Friday, October 13, 2006


After Sukkot comes שמיני עצרת Shmini Atzeret (or Shemini Atseret or some similar spelling). We find the term first in Bamidbar 29:35:

בַּיּוֹם, הַשְּׁמִינִי--עֲצֶרֶת, תִּהְיֶה לָכֶם
"On the eighth day you will have an atzeret"

Similarly we find it mentioned in Vayikra 23:36:
בַּיּוֹם הַשְּׁמִינִי מִקְרָא-קֹדֶשׁ יִהְיֶה לָכֶם ... עֲצֶרֶת הִוא--כָּל-מְלֶאכֶת עֲבֹדָה, לֹא תַעֲשׂוּ
"On the eighth day you shall observe a sacred occasion ... it is an atzeret; you shall not work at your occupations"

The last day of Pesach is called atzeret in Devarim 16:8:
וּבַיּוֹם הַשְּׁבִיעִי, עֲצֶרֶת
"On the seventh day, an atzeret"

Additionally, in Rabbinic Hebrew, the holiday of Shavuot is known as Atzeret.

What is atzeret? It probably won't surprise you to read that there are a number of opinions:

a) Assembly, gathering: In Yeshayahu 1:13, we find the word atzara עצרה which has this meaning.

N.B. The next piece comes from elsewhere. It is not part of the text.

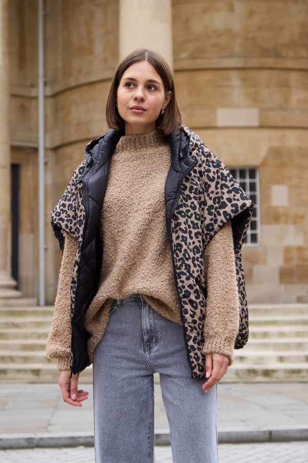Georgina quilted gilet is reversible, so you can wear it whichever way best matches your outfit. It is cut from lightweight shell with a weather-resistant glossy black and leopard finish and padded for warmth. The roomy hood can be drawn in for added protection against the elements. Wear yours during transitional weather, layering it with slim sweaters or overcoats.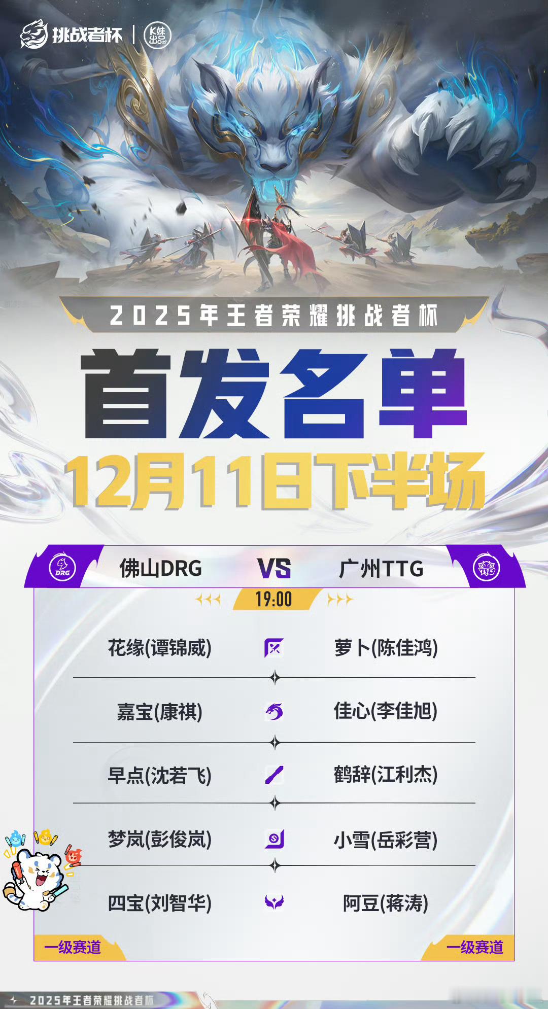 2025王者荣耀挑战者杯今日首发名单

Onkelos translates the word as כניש kenish - "gathering", which is related to the word בית הכנסת - beit haknesset, literally "house of gathering".

b) Stoppage of work: The gemara gives this explanation in Hagiga 9a and 18a: עצרת - עצור מעשיית מלאכה - "atzeret - stop doing work". This is the opinion of Ibn Ezra and Sforno.

c) Delay: This is Rashi's explanation, based on the Midrash where God asks us to stay with him just one day more. Radak in Sefer Hashorashim takes a similar approach, and says that those that went up to Jerusalem for Sukkot were delayed there for one more day. Rav David Tzvi Hoffman writes that while the earlier meanings are found in other books of the Bible, in the Torah עצר only means "to delay, to restrain". The modern Hebrew verb לעצור - "to arrest, to detain" is related to this meaning.

d) Conclusion: This is how the Septuagint translates the word into Greek: exodion, meaning "finale" (and related to the word "exodus".) Bula in Daat Mikra Vayikra says this meaning applies well to the last day of Pesach and Shavuot - which concludes the period of the Omer. Jastrow defines the term as "a festive gathering for the conclusion of a festive season, concluding feast".

Of the more modern scholars, Steinberg and Klein agree with "stoppage of work", while Kaddari offers "assembly".

The concept that atzeret has more than one explanation can help us understand a difference in the text of the Yaaleh V'Yavo prayer (as discussed here and here). When mentioning Shmini Atzeret, Nusach Ashkenaz says:
ביום השמיני חג העצרת הזה
while Nusach Sefard has:
ביום השמיני העצרת החג הזה

The Nusach Ashkenaz version refers to the chag of atzeret - a holiday on its own, which fits with the definitions of "assembly" or "stoppage of work".

The Nusach Sefard version, however, has "the atzeret of the chag", where chag would seem to refer to Sukkot. Therefore the atzeret mentioned would be either be the conclusion of Sukkot, or one additional delay after the seven days of Sukkot.